Debora Green - in Media

In Media

A May 1996 issue of Redbook featured an essay by Ann Slegman, a friend of Green's who lived in the same neighborhood as the Farrar family. The article covered the author's personal history with Green, the fire, and the subsequent investigation and ended with the author's statement that "It is also possible that an entirely different personality—disassociated from the Debora I knew—committed this crime. The Debora I knew would not have killed her children."

Crime author Ann Rule covered the case in her book Bitter Harvest: A Woman's Fury, a Mother's Sacrifice, which provided extensive detail on both the case's development and Green's personal biography. The book was a New York Times Bestseller, though reviewers felt that Rule failed to address Green's motivation for her crimes and that she had treated Green unsympathetically and Farrar over-sympathetically.

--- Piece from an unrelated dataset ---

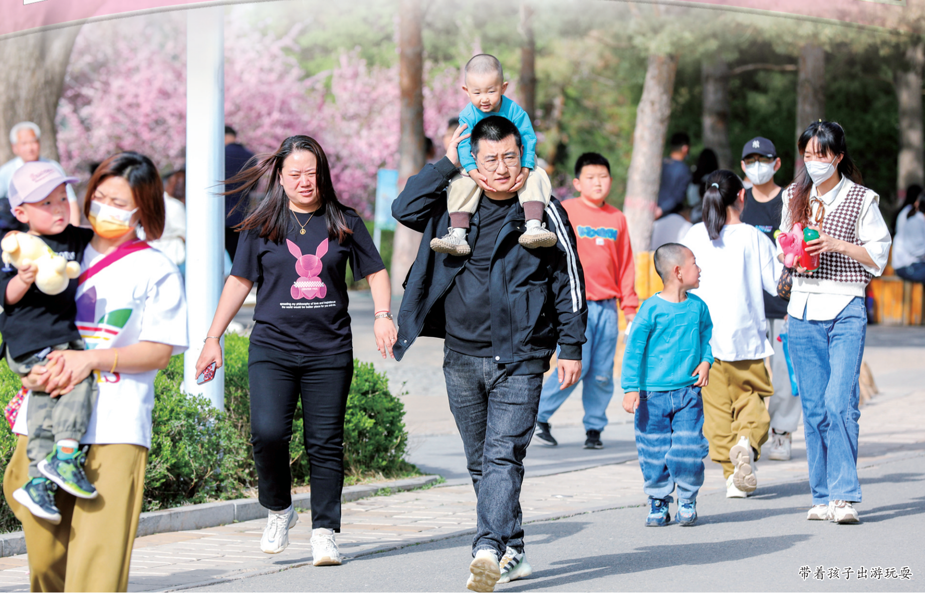
带着孩子出游玩耍

Deadly Women, a true-crime documentary program that focuses on crimes committed by women, featured Green's case in a 2010 episode about women who kill their children.

A 2002 working paper on bioterrorism, intended to "enable policymakers concerned with bioterrorism to make more informed decisions", included the Green case in a survey of illegal uses of biological agents. The paper noted that Green had refused to provide any detail on the manner in which she extracted and administered the ricin she used against her husband.